New hope lies in living donor liver transplant
New hope lies in living donor liver transplant
Parkway Group Healthcare Pte. Ltd. of Singapore sponsored a
two-day seminar on aging last week. It was organized by
Gleneagles Hospital Singapore, one of the group's hospitals in
the region. The following are two reports by The Jakarta Post's
Stevie Emilia, who was invited to the annual event.
Varikottil Kammu now sees each day with fresh hope, just like
his newly found life. Six months back, he had no hope, and was
waiting to die.
"Look at me, I feel much better now. I still need time to
completely recover, but I'm getting my life back," said the 52-
year-old Indian businessman, while sitting comfortably in his
hospital bed, eating a sandwich for breakfast.

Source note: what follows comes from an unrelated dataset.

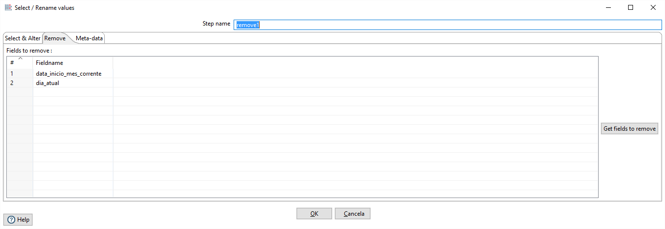 Agora para cada fluxo vamos remover os campos que não precisamos mais. Para isso utilizaremos o “select values” na aba de “remove”. Configurem conforme abaixo para cada fluxo:

It was two weeks after the father of five had a liver
transplant from a living donor, his 22-year-old nephew Ismail.
Kammu, who was to leave the hospital in another week while his
nephew had already been discharged, was the first patient in the
Gleneagles Hospital Singapore's new Living Donor Liver Transplant
(LDLT) Programme, the first such program in Southeast Asia.

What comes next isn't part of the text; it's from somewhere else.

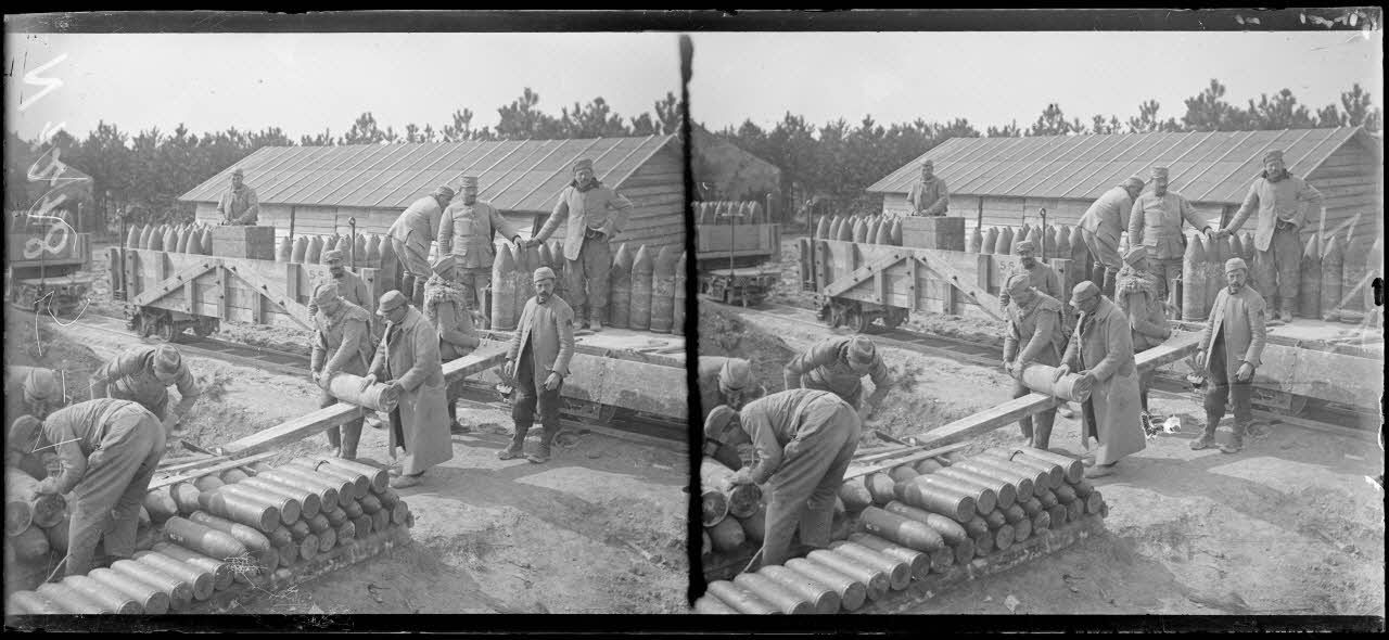 - À Bouy, des munitions, arrivent à la gare et sont emportées en camions ; au dépôt de munitions, des obus de 220 mm arrivent par train sur voie de 0,60 et sont déchargés des wagons pour être entreposés.

With the increasing incidence of liver diseases and a critical
shortage of cadaveric donor livers (those from brain-dead
individuals) for transplant, the procedure -- which was initially
performed on children with terminal liver diseases with the
parents as the living donors, but now has been expanded to
include adult recipients -- brings new hope for those with end-
stage liver diseases.
Until recently, more than 75 percent of patients on the
waiting list in Singapore would die before a suitable cadaveric
donor liver was found. In developing countries like Indonesia,
the figure is probably higher.
"This program is introduced to prolong life, to help those
with acute liver problems, while there is a lack of cadaveric
donor livers. This procedure helps to improve and prolong their
lives," said Dr. Lim Cheok Peng, managing director of Parkway
Group Healthcare, which owns the Gleneagles Hospital Singapore.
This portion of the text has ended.